Largely, the early games were dull as ditch-water, the sound of the vuvuzelas occasionally disturbing me from my slumber.

On the BBC, Gary Lineker and his side-kicks, the two Alans — Hansen and Shearer — wake from dreaming about watching a 5-4 thriller as Algeria and Slovenia trudge off at half-time in another 0-0 bore. “That was good,” deadpans Lineker.

Meanwhile, ITV drop Robbie Earle for dishing out tickets in an “ambush” marketing scam, while Andy Townsend attempts to up his game as the supposed brains behind the live operation. Someone says “Robert Green will be disappointed with that”, a comment mildly better than its subject’s goalkeeping. 1-0 BBC.

Adrian Chiles, looking a bit like a rabbit caught in the headlights, ploughs on with his attempts at being the cheeky chappie down the pub. It’s not really working, but then there’s not much to chat about yet.

Still, the commentators have thus far avoided blurting out “England expects” (Update: no they haven’t, Clive Tyldesley dredged it up as the Algeria game kicked off. Own goal, 2-0 BBC) and, indeed, anything about “Lionhearts” or “tactically naive Africans”. So far so average.

The ante was finally upped when North Korea, sorry the Democratic People’s Republic of Korea (DPR), came up against the fancy dans of Brazil. As I drove as fast as I could — according to the laws, obviously — the Five Live commentator set the tone with: “I’ll run through the two teams.
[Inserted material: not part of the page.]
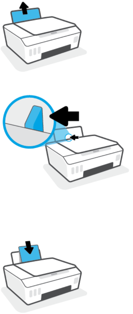 3. 用紙の短辺を下げ、印刷面を上にした状態で、用紙の束を給紙トレイに挿入し、奥まで差し込み

Well, actually I won’t bother with the Korean side as it won’t mean much to anyone.” He then told us to check the record books as it could be carnival time for Brazil.

Meanwhile the Korean coach Kim Jong-Hun played up to reporters asking him about North Korea’s chances, replying: “I do not know that country. I do not recognise that name.” I didn’t recognise his, but I liked him. From then on it was the DPR.

Back in the land of television, the commentary continued in a similar style.

“There are rumours going round that the Koreans will not show this match if they lose (they did and they did) and that they have hired Chinese actors to pretend to be fans,” chirrupped the commentator on ITV. Actors? You hardly need to be a fully paid-up member of Equity to mimic the actions of football fans. 3-0 BBC, and they’re not even playing that well.

DPR striker Jong Tae Se injected some genuine passion by crying as their anthem was played. It was pretty bad, but not quite as dire as ours. Could you really sing that if you were picked for our national team?

Events such as World Cups seem to guarantee employment for every former manager or player who can string two words together — and Paul Merson. After Robert Green’s blunder, Paul Ince echoed the “I think he’ll be disappointed with that” comment. No Paul, he was delighted to have even got a hand to it.

One of my favourite TV moments involved Princes William and Harry visiting some children in a South African school. One of the children asked if they were twins and the balding William stuttered: “Er, erm, hum, er, no, he’s got ginger hair.” That’ll be it, Wills. That’s the difference.

So far I have managed to avoid watching an England game down the pub (I may be made to eat my words but why did anyone ever think we even had a slight chance of winning this thing), and the neighbours haven’t created red and white floral displays in their gardens or covered their car windscreens with flags, and I have also noticed a dwindling amount of people turning up at houses, bags full of beer in hand, to watch the games.

Admittedly, the football improved in week two, but the punditry remained the same.

Not sure if it’s the poor play that is putting them off or the commentary.